START Given information

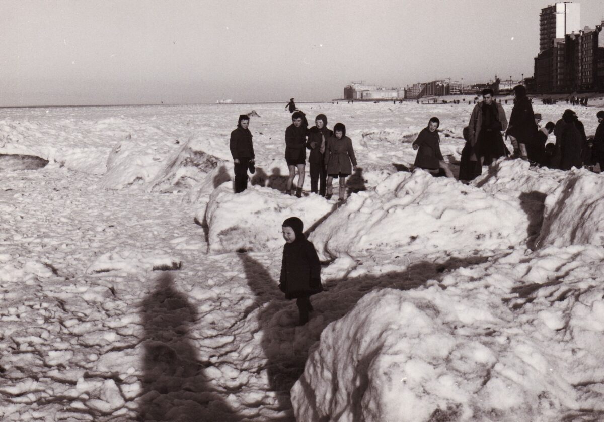 De kinderen amuseren zich rot op het met ijs en sneeuw bedekt strand.
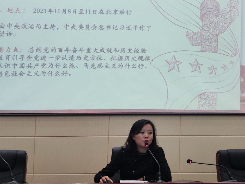 张惠在报告中首先介绍了党的十九届六中全会的概况,并从七个方面介绍了《中共中央关于党的百年奋斗重大成就和历史经验的决议》主要内容,结合党的百年奋斗重大成就和历史经验,分享了自己的学习体会。她讲到,政治信仰决定政治行为,十九届六中全会通过的《决议》对青年一代具有四个方面的指导意义。一是当代青年必须不断夯实政治认同基础,自觉坚持中国共产党的领导;二是当代青年要在党的百年奋斗成就中增强自信,自觉树立自身奋斗目标。三是当代青年应该用奋斗致敬党的百年历史,明确未来发展的方向;四是当代青年要脚踏实地担任起今天的使命担当,做最美的中国形象。
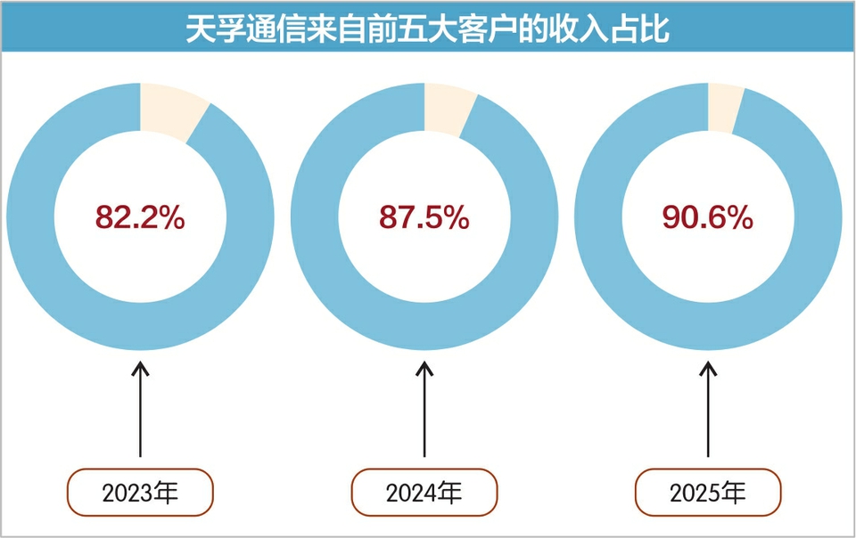 在光通信器件行业,大客户订单的获取能力直接决定了企业的营收体量。招股书数据显示,2023年、2024年和2025年(以下简称报告期内),天孚通信来自前五大客户的收入占比分别达82.2%、87.5%和90.6%。
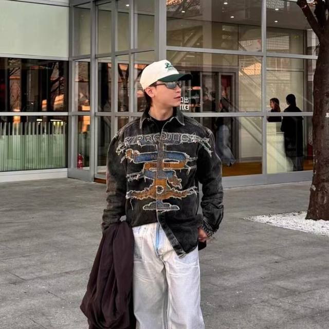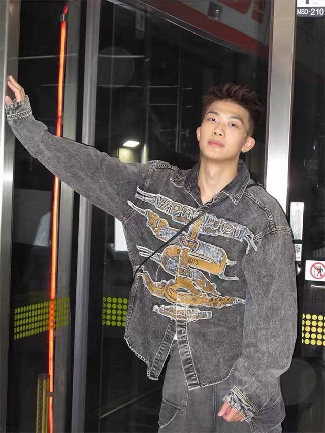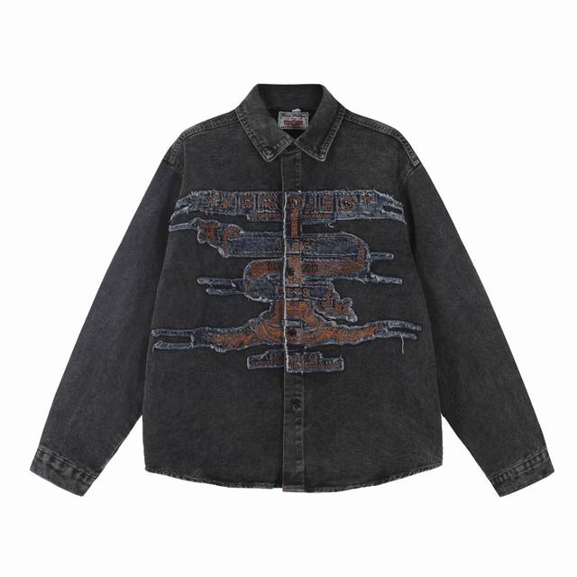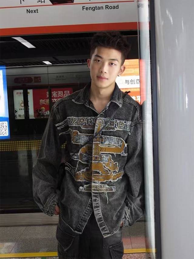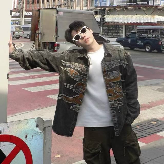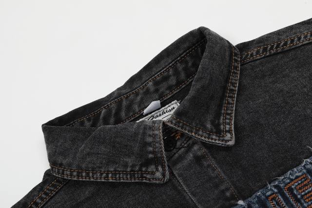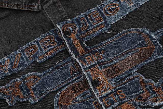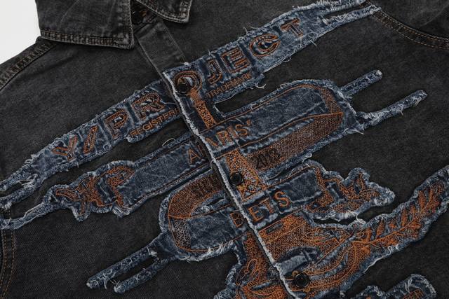 Style No. - Y Project Distressed Washed Patch Embroidered Denim Jacket Stand Col

END Given information

#### Problem to solve:
For this exercise, restate the material exactly and skip every picture.

#### Response to the exercise:
 De kinderen amuseren zich rot op het met ijs en sneeuw bedekt strand.
 张惠在报告中首先介绍了党的十九届六中全会的概况,并从七个方面介绍了《中共中央关于党的百年奋斗重大成就和历史经验的决议》主要内容,结合党的百年奋斗重大成就和历史经验,分享了自己的学习体会。她讲到,政治信仰决定政治行为,十九届六中全会通过的《决议》对青年一代具有四个方面的指导意义。一是当代青年必须不断夯实政治认同基础,自觉坚持中国共产党的领导;二是当代青年要在党的百年奋斗成就中增强自信,自觉树立自身奋斗目标。三是当代青年应该用奋斗致敬党的百年历史,明确未来发展的方向;四是当代青年要脚踏实地担任起今天的使命担当,做最美的中国形象。
 在光通信器件行业,大客户订单的获取能力直接决定了企业的营收体量。招股书数据显示,2023年、2024年和2025年(以下简称报告期内),天孚通信来自前五大客户的收入占比分别达82.2%、87.5%和90.6%。
 Style No. - Y Project Distressed Washed Patch Embroidered Denim Jacket Stand Col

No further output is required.